В погребальных ритуалах и поверьях, а также в фольклорных текстах актуализируется идея о местонахождении «того света» за водной преградой, которую должна преодолеть душа покойного или сам покойный. В сербской песне св.Илья обращается к св. Николаю [как уже говорилось ранее, на образ первого в эпоху двоеверия в значительной мере повлияли представления о Перуне, а на образ второго — о Велесе, – прим. В] отдыхающему под лавровым деревом посреди рая:
«Ти устани, Никола! / Да идемо у гору, / Да правимо корабе, / Да возимо душице / С овог света на онаj. / Ал' устаде Никола, / Отшетавше у гору, / Направише корабе, / Превезоше душице / С овог света на онаj»
Калинов мост, В.Илюхов.
В украинской песне девушка просит ангела доплыть до покойного батеньки по морю и принести от него весточку. Болгары верили, что путь на «тот свет» лежит через большую и глубокую реку, перейти которую могут только праведники, тогда как самоубийцы, ведьмы и другие грешники должны долго скитаться и мучиться, искупая свои грехи, прежде чем им будет позволено переправится через реку (тырнов). Перейдя такую реку, умерший забывал все, что с ним происходило на этом свете, поэтому ее называли забы́ть река́ (рус. череповец).
«По свидетельствам из Владимирской губернии, три дня после смерти грудной младенец тоскует по матери, а потом ангелы дают ему испить воды из забытой реки, чтобы он забыл прошлую жизнь»
[Виноградова 2009–1. С. 417]
В Полесье усопшего сверху накрывают полотном, поланая, что по нему покойник (или его душа) будет переправляться через воду на «том свете», переплыть через реку (гомел,ровен). У сербов и черногорцев мать, у которой умирал маленький ребенок, заставляли переходить через какой–либо водный источник, чтобы дитя легче отошло в мир иной.
Широко распространены поверья о невозможности преодоления водной преграды в обратном направлении душами умерших и мифологическими персонажами. При выносе покойного из дома льют воду на пол (рус.), на ступеньки (серб.), чтобы затруднить или «закрыть» покойному обратный путь домой. У сербов кладбища было принято устраивать за рекой или ручьем, так как считалось, что души умерших и демоны не иду преко воде [не переходят через воду]. При возвращении с похорон стремились перейти через проточную воду, чтобы душа покойного не пошла за участниками процессии к дому (лужиц.). В Костромской области при похоронах еловый лапник в качестве оберега живых от покойного разбрасывали только до реки, так как считали, что через реку покойник уже не переправится.

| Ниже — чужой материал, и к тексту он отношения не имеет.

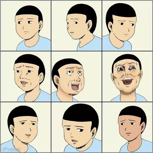 这表情原型来自搞笑漫画日和第一季第一集《贴纸》,这是熊孩子贴纸九连拍的其中之一。

По поверьям из Покутья, вампиры могут перейти через реку, если произнесут известное им заклинание: тут же для них появляется переправа. В зап. Украине верили, что домовой никогда не переходит через реку (окр. Стрыя). В истрийской Хорватии для распознавания колдуна, душа которого, по поверьям, покидает тело во время сна, вокруг спящего человека поливали воду и наблюдали, как душа в облике мыши бегает вокруг тела и не может в него вернуться, пока для нее через воду не постелят солому.
В случае появления демонических персонажей, в том числе персонифицированых болезней, часто предполагали, что они перешли какую–либо водную преграду (реку, море), за которой находится их место обитания. По словенским поверьям, в волшебную страну на лодке перемещаются ведьмы. <...> В русских сказках на край света к праведному Солнцу, как и в страшные области ада к царю–змею, герои переправляются через воду, море, океан.
Известен мотив переправы через реку смерти, болезни в образе женщины, сидящей на берегу и просящей о помощи (пол.): тот, кто переносит их через воду, приводит в село смертельную болезнь (пол. краков). В полесских быличках Коровью Смерть (девушку с копытами) или черта перевозит через реку добрый лодочник или рыбак, которого те в благодарность за перевоз избавляют от падежа скота (житомир).
С целью избавления от мифологических персонажей, болезней (а также от вредных насекомых, животных), изгнания их из пространства людей, пострадавшие переходили через водную преграду, или же за ручей, реку переправлялись различные магические предметы.
[Плотникова 2009. С. 11–12].
Завершим главу, посвященную «Нижнему миру», выпиской из несправедливо забытой ныне статьи нашего давнего друга и соратника А.В. Платова под названием «Бой на Калиновом Мосту, или Прогулка тропою мёртвых», где высказывается гипотеза о том, что за известным сказочным сюжетом скрыт архаический инициатический миф, корни которого, возможно, восходят к древнейшей эпохе бытования ещё неразделённой индоевропейской общности:
Вот пришел Иван Быкович да под Калиновый Мост через реку Смородину. Вдруг воды на реке взволновались, орлы на дубах раскричались — выезжает чудо–юдо Змей шестиглавый; под ним конь споткнулся, черный ворон на плече встрепенулся, пес борзой позади ощетинился...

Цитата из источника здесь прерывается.